The hard, committed work at Quitman Street Renew School embodies the spirit and work of the Global Village, which underlies the work of our administration in addressing Newark’s education crisis. In order for district schools to successfully educate our children, it is essential that the leaders of public and private institutions and agencies in our city organize themselves around schools to support children and families and move school change.

Related: A three-year look at a school trying to turn around — and the kids depending on it

Strategies like Global Village – a framework consistent with the Community Schools strategy – are best practices for creating schools where every child has the opportunity to learn at their full intellectual potential. A citywide Community Schools strategy is vital to ensuring our schools develop the capacity needed to help every child become ready for college, career and citizenship. Our schools need a comprehensive and expanded approach to school transformation because it takes more than a teacher to disentangle a child from the barriers and lack of opportunity that poverty creates for their development.

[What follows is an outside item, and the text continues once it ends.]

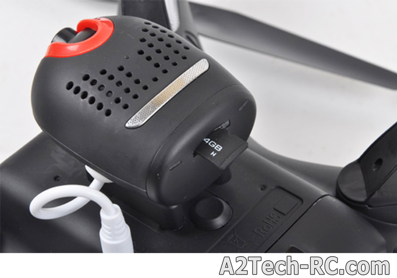 Quadrocoptère radiocommandé 4 voies 2,4GHz équipé d'une caméra HD orientable haut/bas 90° permettant l'enregistrement HD sur carte Micro SD et le retour vidéo en temps réel FPV sur smartphone (non fourni)

Such an approach brings every sector of our city together to focus on getting better outcomes for our young people. Successfully designing and implementing community schools requires that schools, non-profits, health, police, housing, libraries, churches, unions and parents sit at the table together to plan, implement and assess the work. It seeks to restore and rebuild cohesion in schools, neighborhoods and families so that children are wrapped in a tapestry of supportive relationships and resources.

Education is just one of the areas where Newark is working to become the model for cities across the nation and the world. The implementation of our Community Schools strategy will serve as such a model. We declare that Newark is Ground Zero for Community Schools. We must recover from our losses, build upon our successes and embed a Community Schools model that will create a pathway to success for all of Newark’s children. The time is now, and we are seizing it.

Ras J. Baraka is the mayor of Newark, New Jersey and the former principal of the city’s Central High School.